───── Extracted entries ─────

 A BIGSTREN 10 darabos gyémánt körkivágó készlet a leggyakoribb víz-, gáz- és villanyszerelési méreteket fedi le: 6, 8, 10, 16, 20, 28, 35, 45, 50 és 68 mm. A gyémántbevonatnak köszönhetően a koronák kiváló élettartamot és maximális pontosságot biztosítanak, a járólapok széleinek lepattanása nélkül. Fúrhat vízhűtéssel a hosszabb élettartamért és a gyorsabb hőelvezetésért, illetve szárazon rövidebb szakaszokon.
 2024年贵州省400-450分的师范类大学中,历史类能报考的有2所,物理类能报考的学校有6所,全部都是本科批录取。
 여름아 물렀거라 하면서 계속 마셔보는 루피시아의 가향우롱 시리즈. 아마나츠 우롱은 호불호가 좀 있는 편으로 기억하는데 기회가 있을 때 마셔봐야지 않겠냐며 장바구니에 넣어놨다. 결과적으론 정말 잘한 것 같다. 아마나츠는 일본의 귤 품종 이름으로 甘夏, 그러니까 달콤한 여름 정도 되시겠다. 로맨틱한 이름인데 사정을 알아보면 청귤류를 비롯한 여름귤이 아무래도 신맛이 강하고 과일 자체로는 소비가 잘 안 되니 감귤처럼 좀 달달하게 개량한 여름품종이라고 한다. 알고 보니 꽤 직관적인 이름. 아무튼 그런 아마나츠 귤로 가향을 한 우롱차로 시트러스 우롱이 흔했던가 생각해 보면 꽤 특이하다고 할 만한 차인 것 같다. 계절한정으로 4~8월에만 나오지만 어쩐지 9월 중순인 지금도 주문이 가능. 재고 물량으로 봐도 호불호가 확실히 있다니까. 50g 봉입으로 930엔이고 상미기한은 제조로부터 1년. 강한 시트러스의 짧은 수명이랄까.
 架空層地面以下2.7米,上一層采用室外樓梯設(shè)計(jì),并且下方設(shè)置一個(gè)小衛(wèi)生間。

─────
───── Extracted entries ─────

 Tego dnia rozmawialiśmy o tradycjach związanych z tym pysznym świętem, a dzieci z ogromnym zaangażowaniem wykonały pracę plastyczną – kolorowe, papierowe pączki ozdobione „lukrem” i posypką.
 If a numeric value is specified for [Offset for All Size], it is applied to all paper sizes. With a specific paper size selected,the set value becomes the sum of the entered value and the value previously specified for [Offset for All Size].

─────

▶ What the task requires: Once the line with "A BIGSTREN 10" is found in the records above, print exactly that line and every line after it through the line with "架空層地面以下2.7米,上一".

▶ Output of the exercise:
 A BIGSTREN 10 darabos gyémánt körkivágó készlet a leggyakoribb víz-, gáz- és villanyszerelési méreteket fedi le: 6, 8, 10, 16, 20, 28, 35, 45, 50 és 68 mm. A gyémántbevonatnak köszönhetően a koronák kiváló élettartamot és maximális pontosságot biztosítanak, a járólapok széleinek lepattanása nélkül. Fúrhat vízhűtéssel a hosszabb élettartamért és a gyorsabb hőelvezetésért, illetve szárazon rövidebb szakaszokon.
 2024年贵州省400-450分的师范类大学中,历史类能报考的有2所,物理类能报考的学校有6所,全部都是本科批录取。
 여름아 물렀거라 하면서 계속 마셔보는 루피시아의 가향우롱 시리즈. 아마나츠 우롱은 호불호가 좀 있는 편으로 기억하는데 기회가 있을 때 마셔봐야지 않겠냐며 장바구니에 넣어놨다. 결과적으론 정말 잘한 것 같다. 아마나츠는 일본의 귤 품종 이름으로 甘夏, 그러니까 달콤한 여름 정도 되시겠다. 로맨틱한 이름인데 사정을 알아보면 청귤류를 비롯한 여름귤이 아무래도 신맛이 강하고 과일 자체로는 소비가 잘 안 되니 감귤처럼 좀 달달하게 개량한 여름품종이라고 한다. 알고 보니 꽤 직관적인 이름. 아무튼 그런 아마나츠 귤로 가향을 한 우롱차로 시트러스 우롱이 흔했던가 생각해 보면 꽤 특이하다고 할 만한 차인 것 같다. 계절한정으로 4~8월에만 나오지만 어쩐지 9월 중순인 지금도 주문이 가능. 재고 물량으로 봐도 호불호가 확실히 있다니까. 50g 봉입으로 930엔이고 상미기한은 제조로부터 1년. 강한 시트러스의 짧은 수명이랄까.
 架空層地面以下2.7米,上一層采用室外樓梯設(shè)計(jì),并且下方設(shè)置一個(gè)小衛(wèi)生間。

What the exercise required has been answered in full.